Ireland were left with the macho rugby position of sorting out the French when the referee wouldn't.

The man who would have pulled in the troops and taken it right up the guts of the French was seated somewhere above pitch-side providing the BBC with his take on the game.

Ugly Nature

Away from the ugly nature of what was going on, it was obvious the state of the game required Ireland to trim their approach back to that which won back-to-back Six Nations.

Ireland went to the break with a 9-3 lead and soon witnessed the incoming weapons of Rabah Slimani and Eddy Ben Arous in the 45th minute.

Then, they were given the gift of 20 year-old hooker Camille Chat coming on in the 48th minute.

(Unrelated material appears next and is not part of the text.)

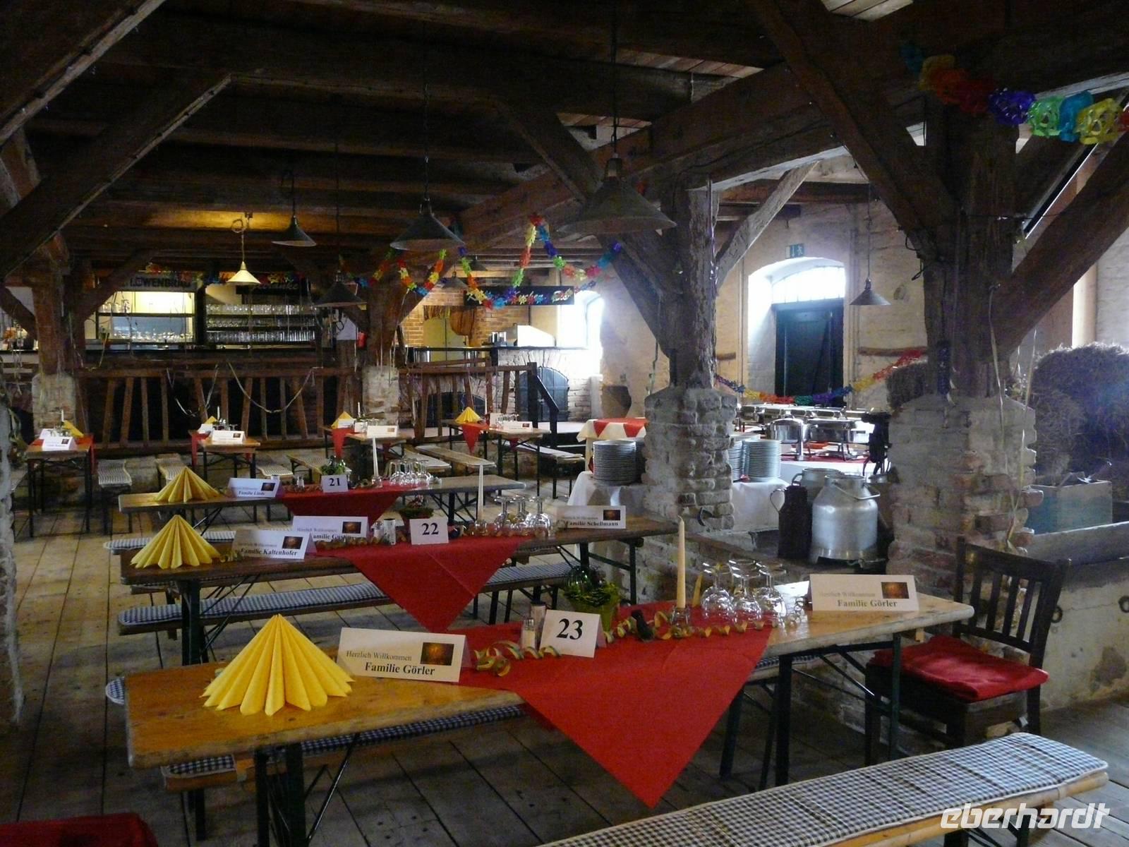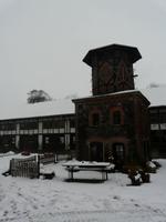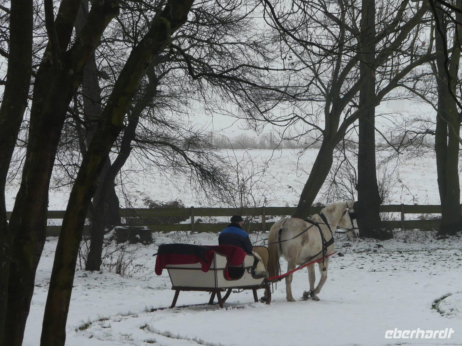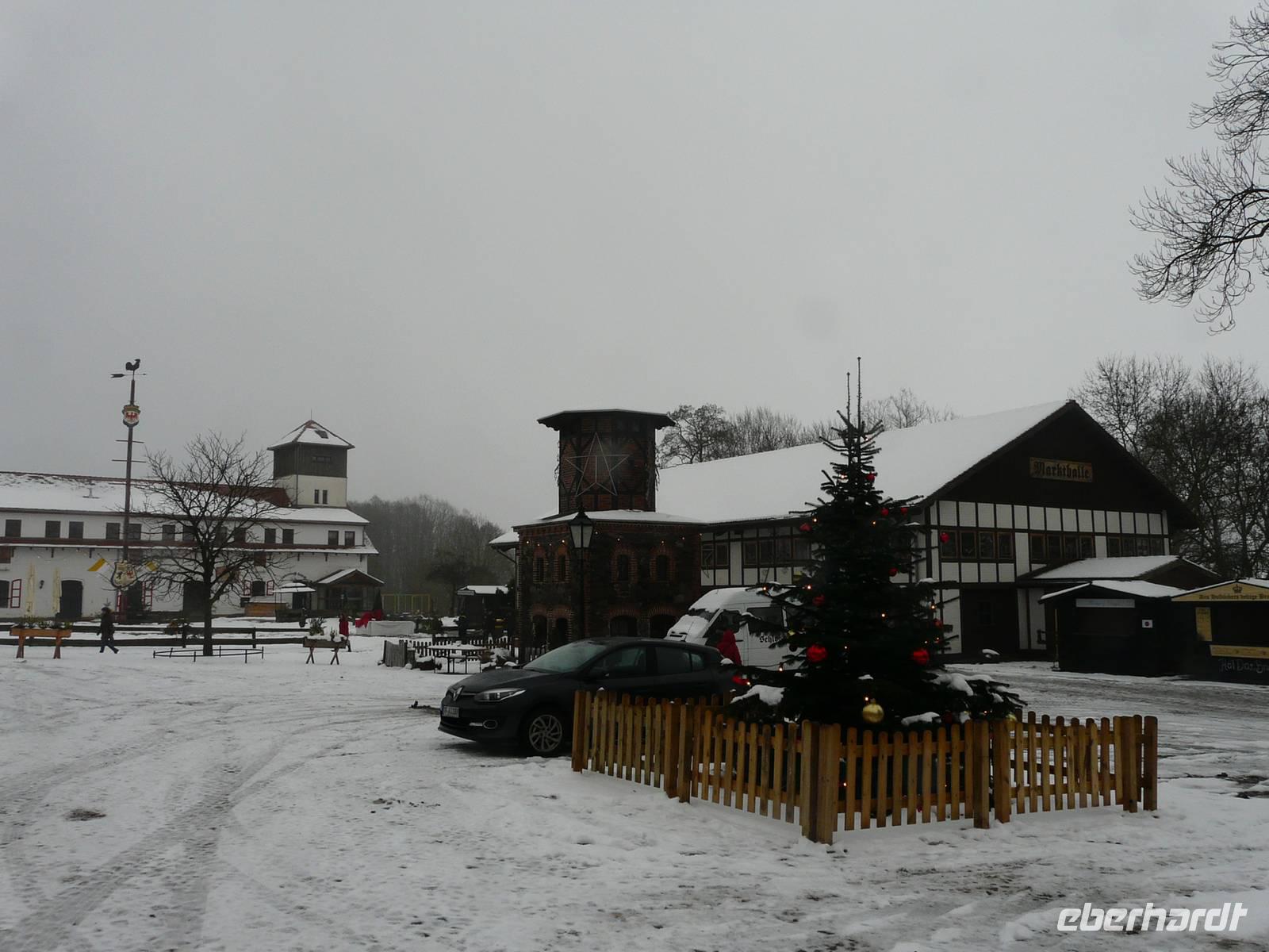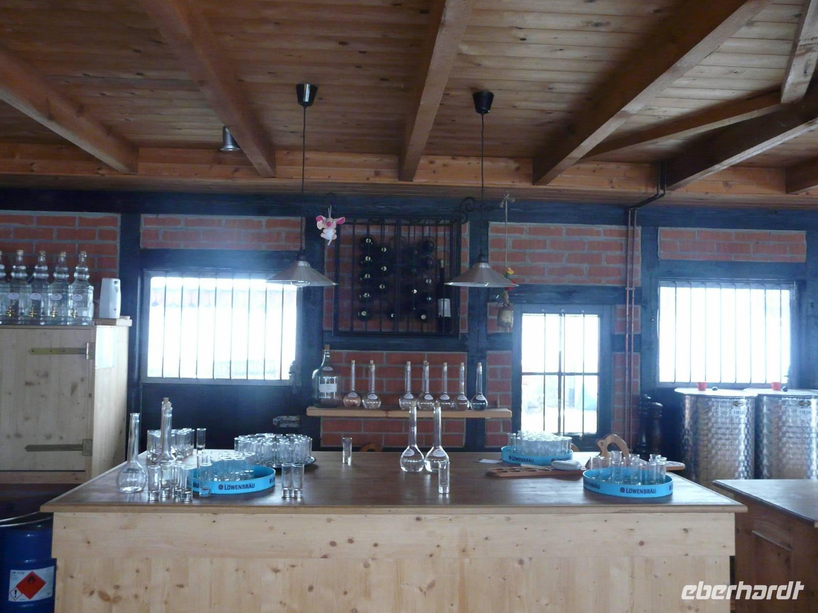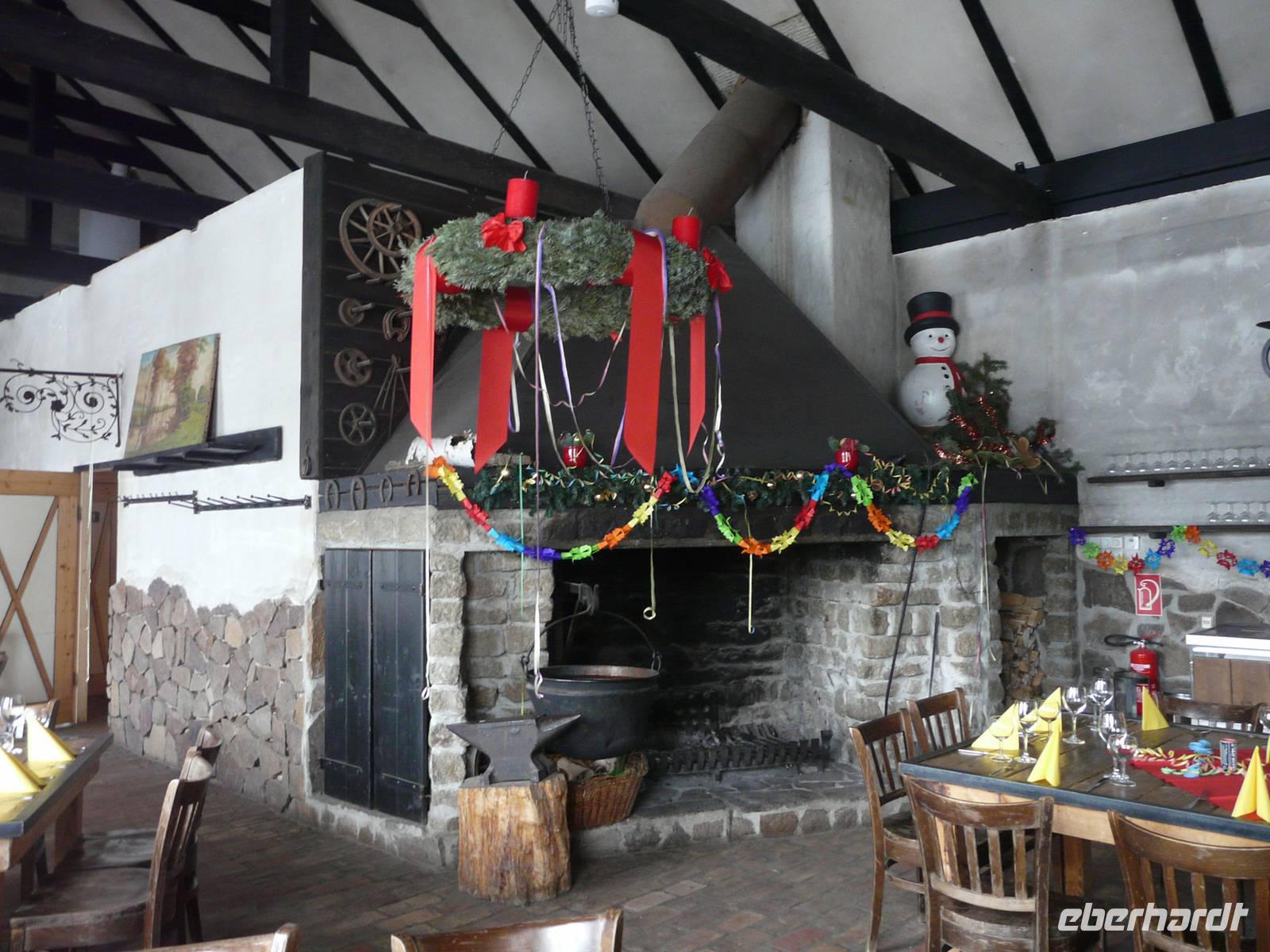 Nach einem ausgedehnten Frühstück, und leider nicht so schönem Wetter, trafen wir Geschäftsführer Herrn Schröder auf dem Gutshof. Ein kleiner Rundgang über das Gelände erwartete uns. So bekamen wir die Gelegenheit in die unterschiedlichen Veranstaltungsräume hineinzuschauen und zugleich die verschiedenen Silvesterdekorationen anzusehen. Nach einer Verkostung in der hauseigenen Brennerei, freuten wir uns auf die bevorstehende Schlittenfahrt. Doch kurz vor Beginn, machte uns das Wetter einen Strich durch die Rechnung. Aufgrund des starken Tauwetters konnte weder der bereits vorbereitete Schlitten noch eine Kutsche fahren. Nichts desto trotz, wärmten wir uns bei einem gemütlichen Lagerfeuer und einer Tasse Glühwein auf. Hinzukommend gab es für uns als kleine Eberhardt-Überraschung, einen Imbiss mit hausgemachter Leberwurst und Schmalz auf Landbrot aus der hauseigenen Schlossbäckerei.
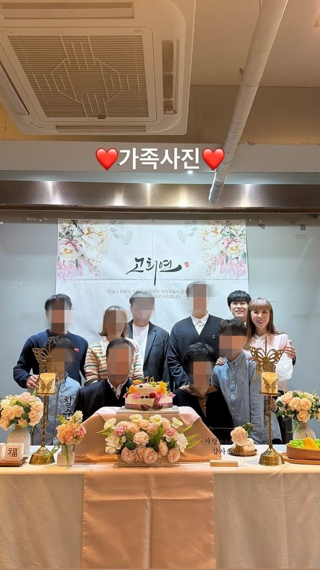 사진 속에는 신지 아버지의 고희연을 맞아 함께 자리한 가족들의 모습이 담겨 있다. 신지의 언니와 형부, 조카들, 남동생들이 함께한 가운데 신지 옆에 자리한 예비 남편 문원의 존재가 눈길을 끈다. 문원은 신지의 뒤에서 어깨를 감싸며 환하게 웃고 있다.

The trend towards evolving the attack had to be shelved in such conditions and the ball regularly put to the corners for Devin Toner and the pack to apply pressure on the lineout throwing of Chat, a baby of international rugby.

It was France who had to chase the game. It was they who were behind and had to take chances. It never happened.

Ireland did activate the kicking game. The problem was they went to the air rather than the touchline.

A combination of inaccurate execution of their kicking game and France's better-than-expected work under the high ball when it was accurate gave the home side traction.

In the last quarter, the power of their bench really came to the fore with the arrival of second row Paul Jedrasiak and flanker Loann Goujon.

More importantly, scrum-half Maxime Machenaud became the sniper who asked a tiring Irish pack to react quicker than they were able.

The Top-14 is a grinding League and this international turned into the kind of test match the French have been playing at club level.